Appare quindi il caso di rammentare il consolidato giurisprudenziale di questa Corte, secondo il quale, qualora la decisione di merito si fondi su di una pluralità di ragioni, tra loro distinte e autonome, singolarmente idonee a sorreggerla sul piano logico e giuridico, l’omessa impugnazione di una di esse o la ritenuta infondatezza o inammissibilità delle censure mosse ad una delle rationes decidendi rende inammissibili, per sopravvenuto difetto di interesse, le censure relative alle altre ragioni esplicitamente fatte oggetto di doglianza, in quanto queste ultime non potrebbero comunque condurre, stante l’intervenuta definitività delle altre, alla cassazione della decisione stessa (Sez. 5, n. 11493 del 11.5.2018; Sez. 1, n.
18641 del 27.7.2017; Sez. 3, n. 15350 del 21.6.2017; Sez. 6 – 5, n. 9752 del 18.4.2017).
Sicché l’infondatezza delle censure rivolte contro una delle tre rationes, infra argomentata, comporta automaticamente l’inammissibilità di quelle rivolte contro le altre due.
Con il primo motivo di ricorso, proposto ex art.360, comma 1, n.3, cod.proc.civ., la ricorrente denuncia violazione o falsa applicazione dell’art.2909 cod.civ. e si duole che la Corte territoriale abbia applicato il principio che il giudicato copre il dedotto e il deducibile senza considerare che il fatto opposto ai lodi arbitrali era un fatto sopravvenuto.
8.1. Il motivo è infondato perché il fatto sopravvenuto può produrre effetti giuridici e incidere sugli effetti del giudicato solo se si è al cospetto di un rapporto non esaurito: non può invece produrre effetti giuridici senza la permanenza nel tempo di un rapporto di durata (come nella specie).
Comunque anche nell’ambito di un rapporto non esaurito (e non è questo il caso in esame) il fatto sopravvenuto non potrebbe caducare gli effetti giuridici già collegati dal giudicato al fatto pregresso ma potrebbe incidere solo pro futuro all’interno di un rapporto di durata.
Al proposito Sez. 3, n. 25454 del 6.12.2007 ha affermato che « Allorquando due giudizi tra le stesse parti vertano sullo stesso rapporto giuridico e uno di essi sia stato definito con sentenza passata in giudicato, l’accertamento già compiuto in ordine a una situazione giuridica e la soluzione di questioni di fatto o di diritto, che abbiano inciso su un punto fondamentale comune ad entrambe le cause ed abbiano costituito la logica premessa contenuta nel dispositivo della sentenza passata in giudicato, precludono il riesame del punto accertato e risolto anche nel caso in cui il successivo giudizio abbia finalità diverse da quelle che costituiscono lo scopo ed il petitum del primo. Rispetto al suddetto principio, del
tutto scontato nella giurisprudenza di questa Corte, è stato, tuttavia, precisato (ex plurimis: Cass., n. 12554/98; Cass., n. 10420/2002; Cass., n. 7411/2004) che nei rapporti di durata, in relazione ai quali l’autorità della cosa giudicata ha come suo presupposto il principio rebus sic stantibus, la statuizione può essere modificata sulla base di fatti sopravvenuti alla sua formazione.»

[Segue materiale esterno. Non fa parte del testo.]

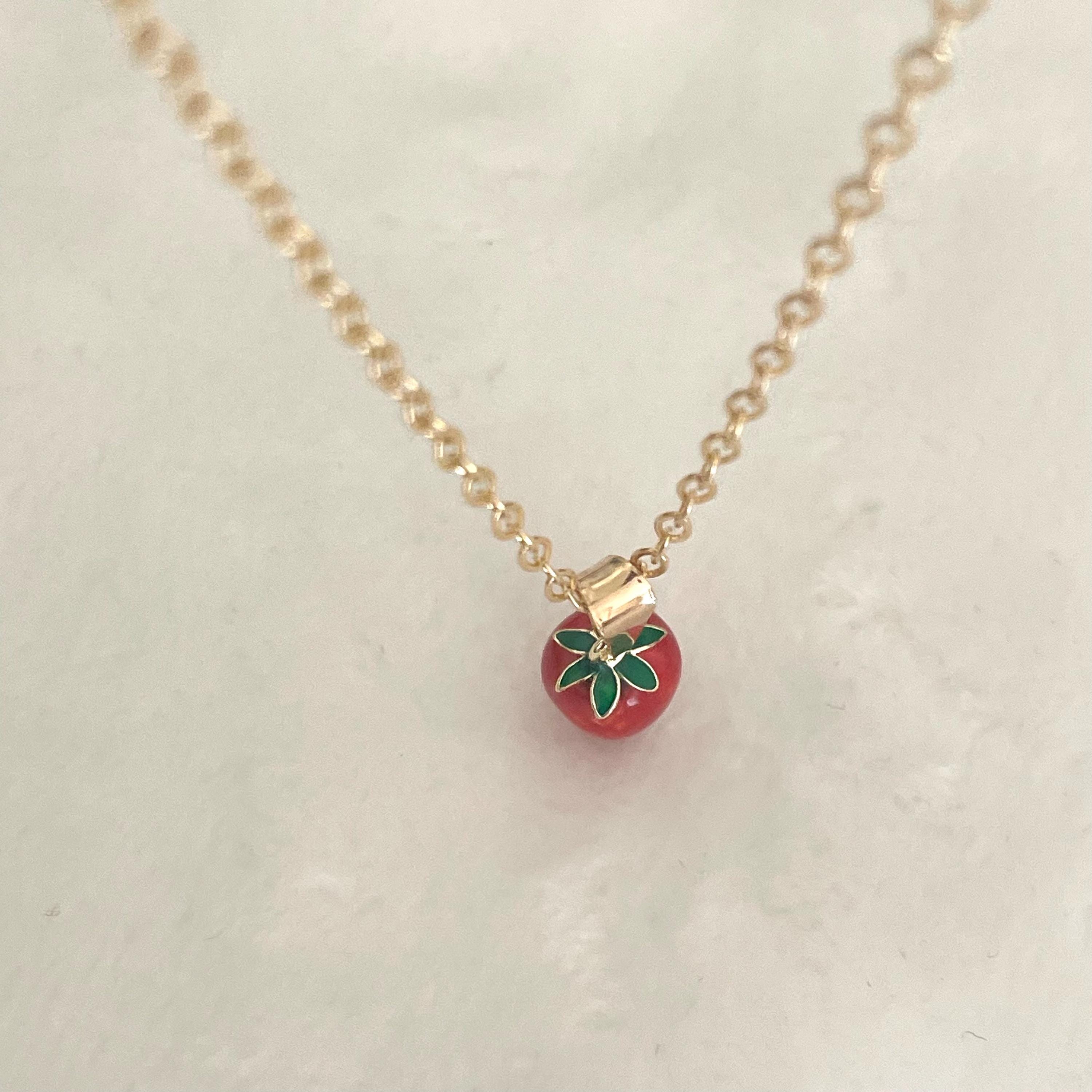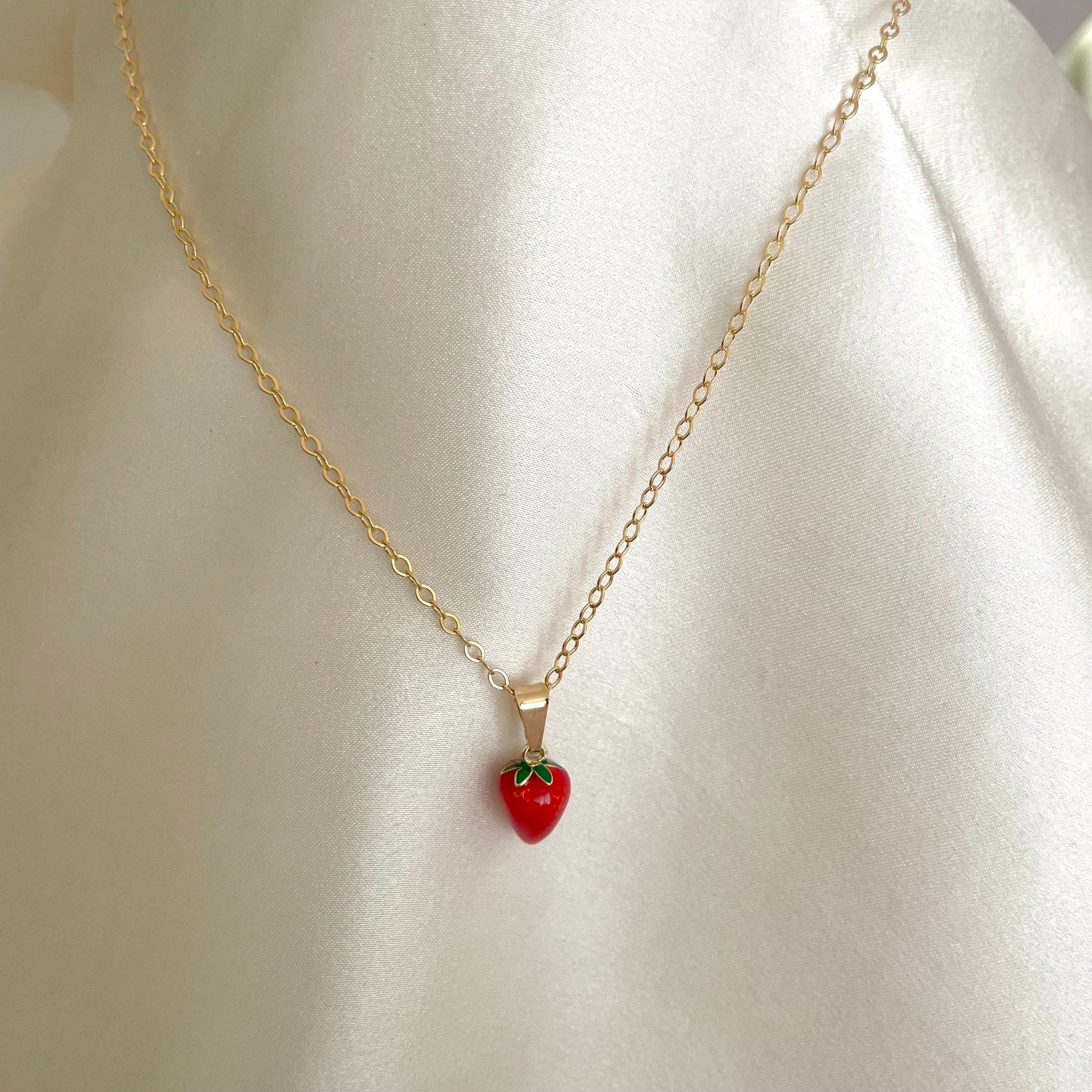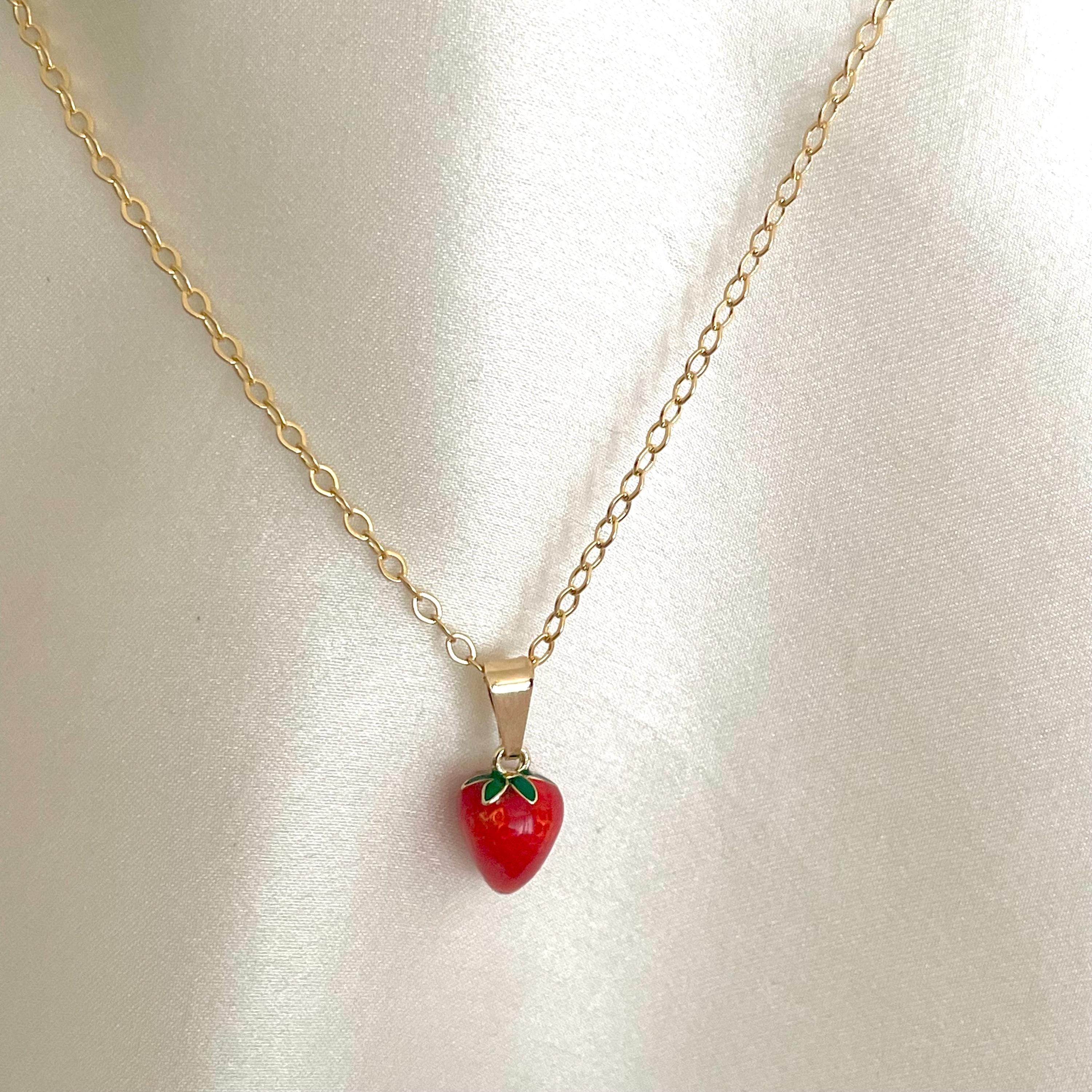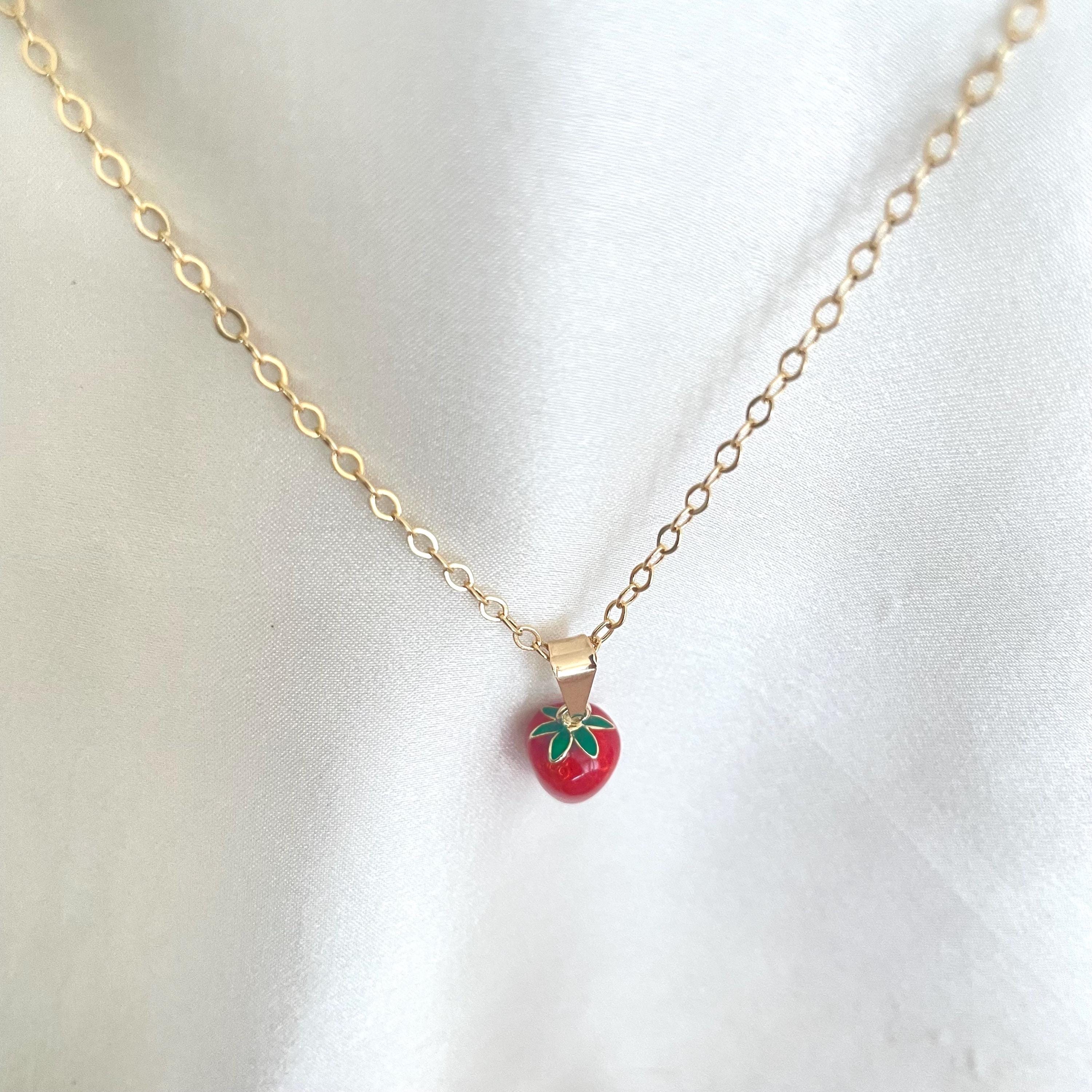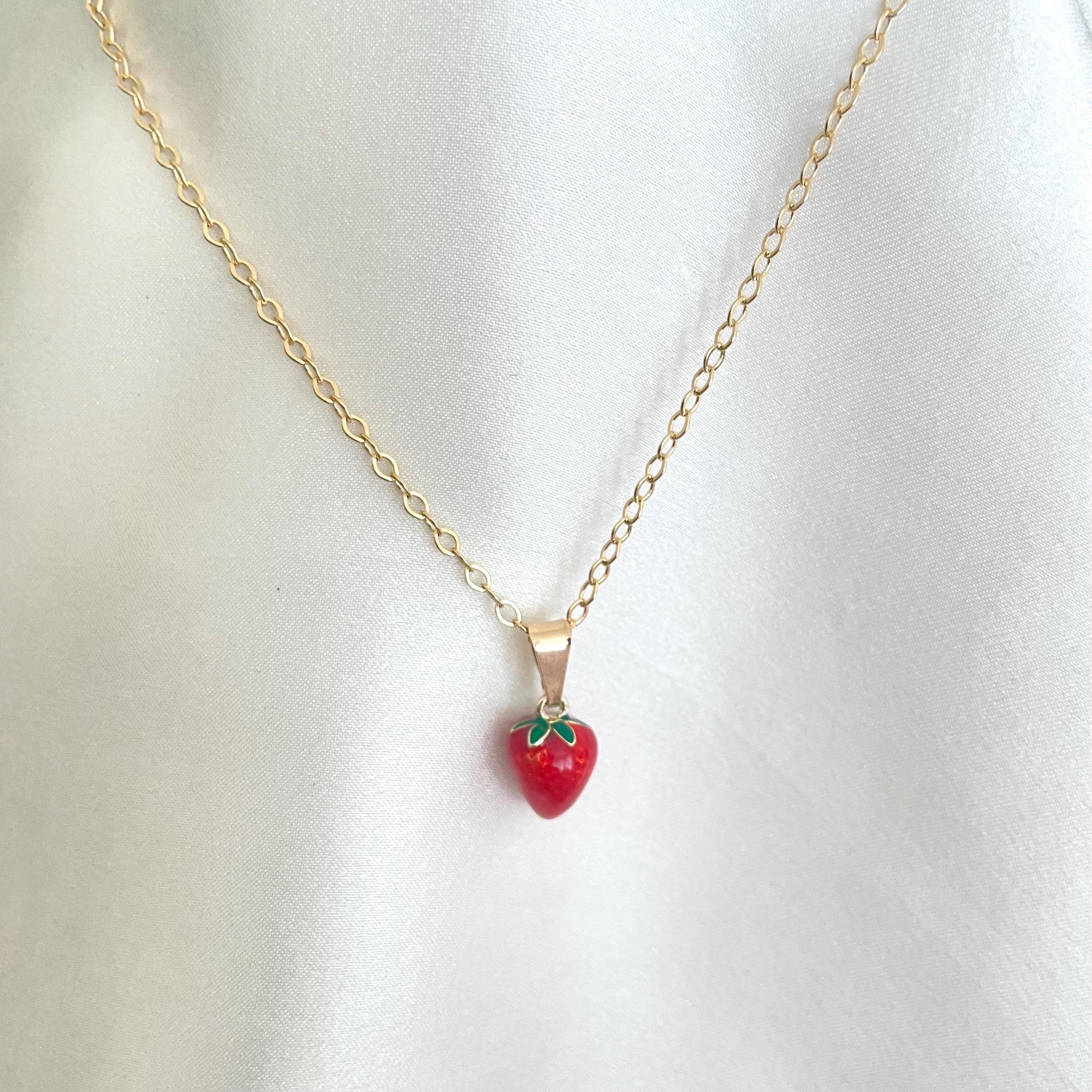 Strawberry Necklace: 18K Gold Plated, Enamel Charm, Tiny strawberry, Mini Strawberry Necklace

8.2. Non persuade la diversa opinione espressa dal Procuratore generale che ha sostenuto che l’intangibilità del giudicato appare derogabile anche sulla base dei fatti sopravvenuti, come avviene ad esempio nell’ipotesi della sopravvenienza di fatti nuovi impeditivi in pendenza di giudizio di rinvio ex art. 394 cod.proc.civ.
La pronuncia della Sez. 1, 30.10.2003, n. 16294, secondo cui « il giudice di rinvio può prendere in considerazione fatti nuovi incidenti sulla posizione delle parti e sulle loro pretese, senza con ciò violare il divieto di esaminare punti non prospettati dalle parti nelle precedenti fasi, a condizione che si tratti di fatti impeditivi, modificativi o estintivi intervenuti in un momento successivo a quello della loro possibile allegazione nelle pregresse fasi processuali» non appare rilevante sia perché attiene a una deroga alle preclusioni endoprocessuali e non all’efficacia del giudicato, sia perché non si riferisce a un rapporto esaurito, ma a un rapporto in corso e anzi sub iudice.

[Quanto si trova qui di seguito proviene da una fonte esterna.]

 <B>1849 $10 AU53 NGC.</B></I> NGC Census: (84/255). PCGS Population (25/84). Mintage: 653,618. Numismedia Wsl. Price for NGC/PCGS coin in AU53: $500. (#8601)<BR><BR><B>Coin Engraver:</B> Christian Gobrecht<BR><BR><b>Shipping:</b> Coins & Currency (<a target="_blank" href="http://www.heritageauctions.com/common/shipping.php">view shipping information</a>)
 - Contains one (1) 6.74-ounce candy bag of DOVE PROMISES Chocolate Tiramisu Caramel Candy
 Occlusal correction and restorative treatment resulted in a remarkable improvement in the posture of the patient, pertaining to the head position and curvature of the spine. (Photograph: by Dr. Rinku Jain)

8.3 . Il Procuratore Generale, a supporto delle argomentazioni della ricorrente, osserva che l’annullamento in autotutela dell’atto amministrativo è esplicazione del principio di legalità dell’azione amministrativa e consente di travolgere consequenzialmente gli atti contrattuali a valle dell’aggiudicazione annullata, sottolineando che nel caso in questione la legittimità dell’annullamento era passata indenne attraverso il vaglio giurisdizionale amministrativo.
In disparte il fatto che il Codice del procedimento amministrativo (d.lgs. n.104 del 2.7.2010) agli artt.121 e 122 ha superato
l’automatismo nella caducazione degli atti negoziali a valle dell’annullamento (giurisdizionale) e che la tesi della caducazione automatica dei negozi a valle è perlomeno discussa in giurisprudenza (per una ampia disamina del quadro giurisprudenziale ordinario e amministrativo vedasi recentemente Sez.1, 18.11.2024 n.29573), appare assorbente il rilievo dell’insormontabile ostacolo opposto dal giudicato intervenuto in precedenza.

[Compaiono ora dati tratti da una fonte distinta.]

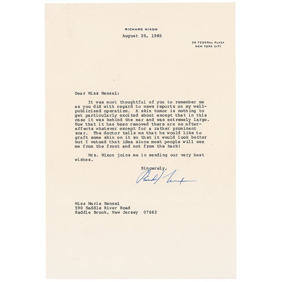 TLS, one page, 7.25 x 10.5, personal letterhead, August 20, 1985. Nixon responds to an admirer following an operation. In full: “It was most thoughtful of you to remember me as you did with regard to news reports on my well-publicized operation. A skin tumor is nothing to get particularly excited about except that in this case it was behind the ear and was extremely large. Now that it has been removed there are no after-effects whatever except for a rather prominent scar. The doctor tells me that he would like to graft some skin on it so that it would look better but I vetoed that idea since most people will see me from the front and not from the back!” In fine condition, with a few wrinkles and surface impressions.
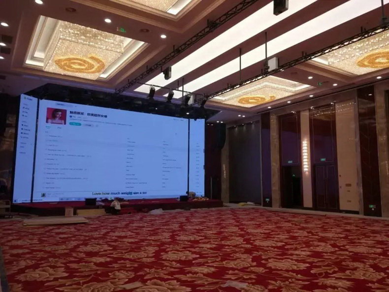 為了宴會廳效果能夠達到最佳,現場設計施工團隊歷時半個多月的時間,現場搭建時反復研究,從不同角度、不同方位設計制作影像,通過測試、對位、矯正乃至重新輸出,呈現出現場表演的完整統一,構成一個立體可觀的5D全息宴會廳。
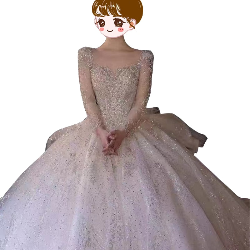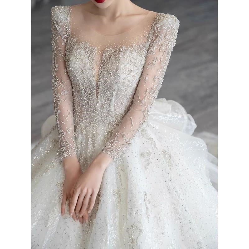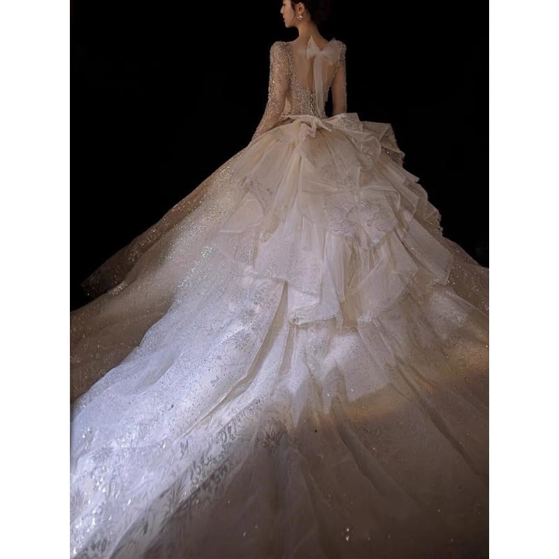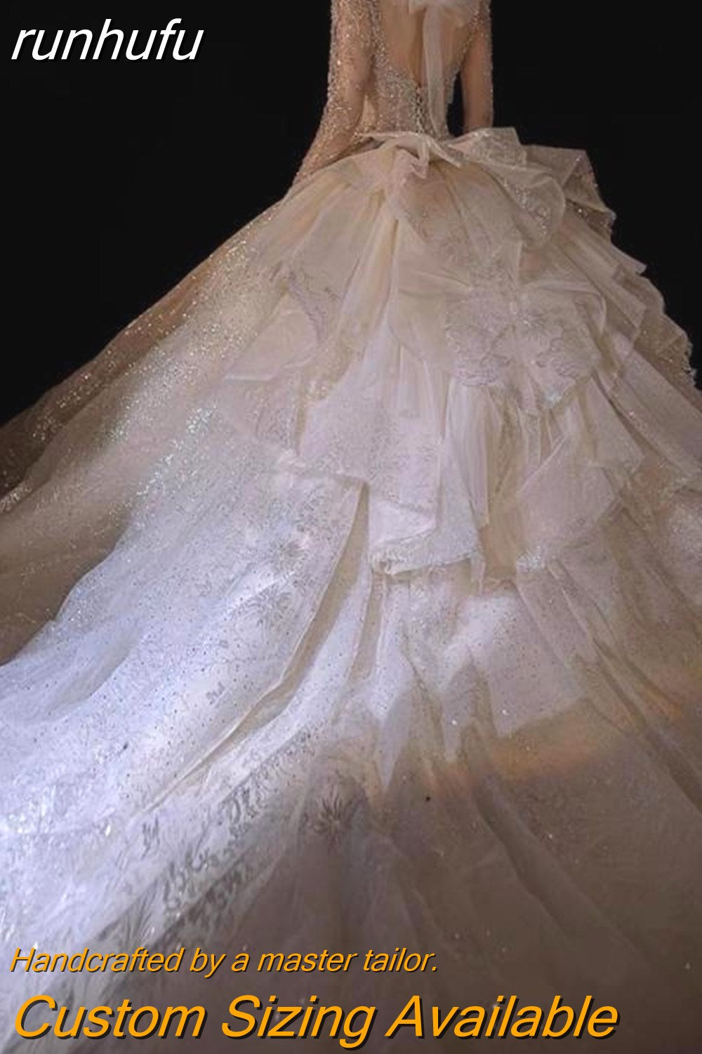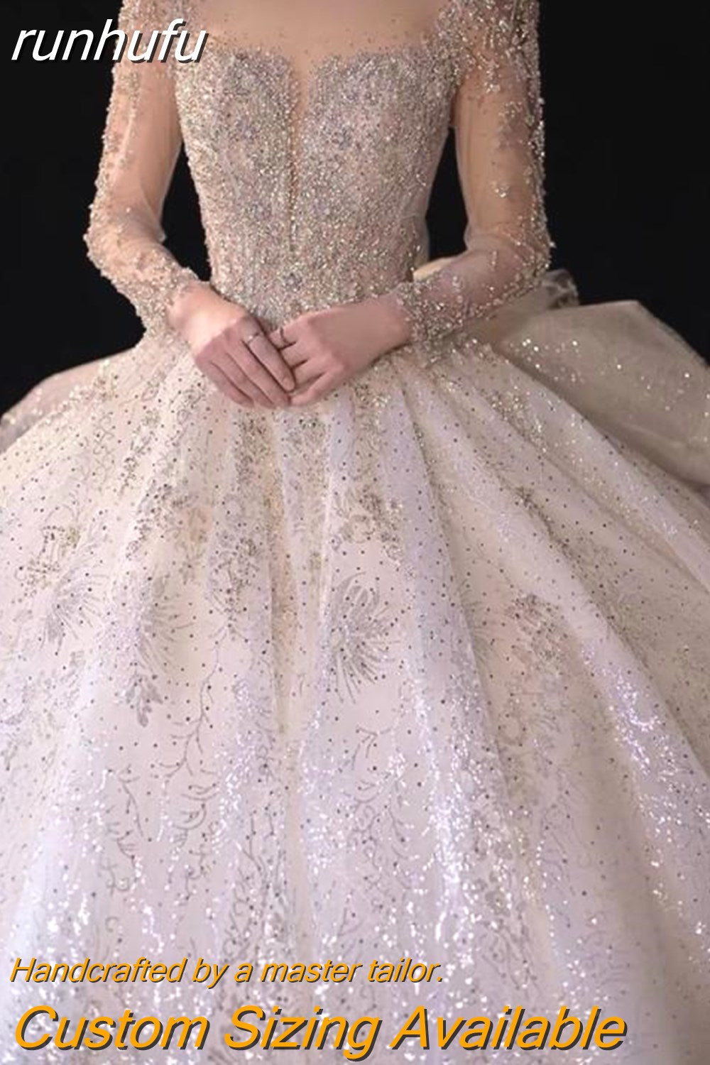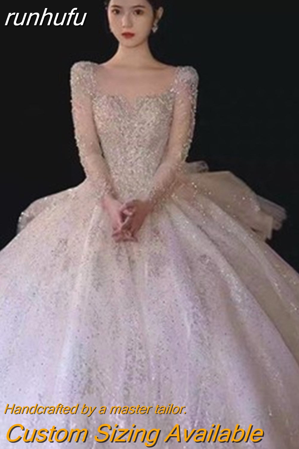 runhufu Long Sleeve Wedding Dress 2023 New Beading Shinning Wedding Gowns Sweep Train Sexy Back Vestido De Novia

8.4. Ben si può condividere quindi l’assunto dei controricorrenti secondo i quali l’annullamento della gara può avere effetti consequenziali e indiretti sul contratto susseguente e nella specie sull’accordo compromissorio, ma non certamente allorché in seguito alla emanazione del lodo e alla successiva impugnazione o (come nella specie) alla sua mancata impugnazione si sia formato il giudicato anche sulla validità ed efficacia dell’accordo compromissorio.
Non è consentito infatti alla parte interessata, neppur in omaggio al perseguimento del rispetto di legalità, come invece ipotizza il Procuratore Generale, di infrangere il giudicato che fa stato a ogni effetto fra le parti, copre il dedotto e il deducibile e costituisce regula juris (e quindi legge) del caso concreto, esprimendo una fondamentale esigenza di certezza del diritto.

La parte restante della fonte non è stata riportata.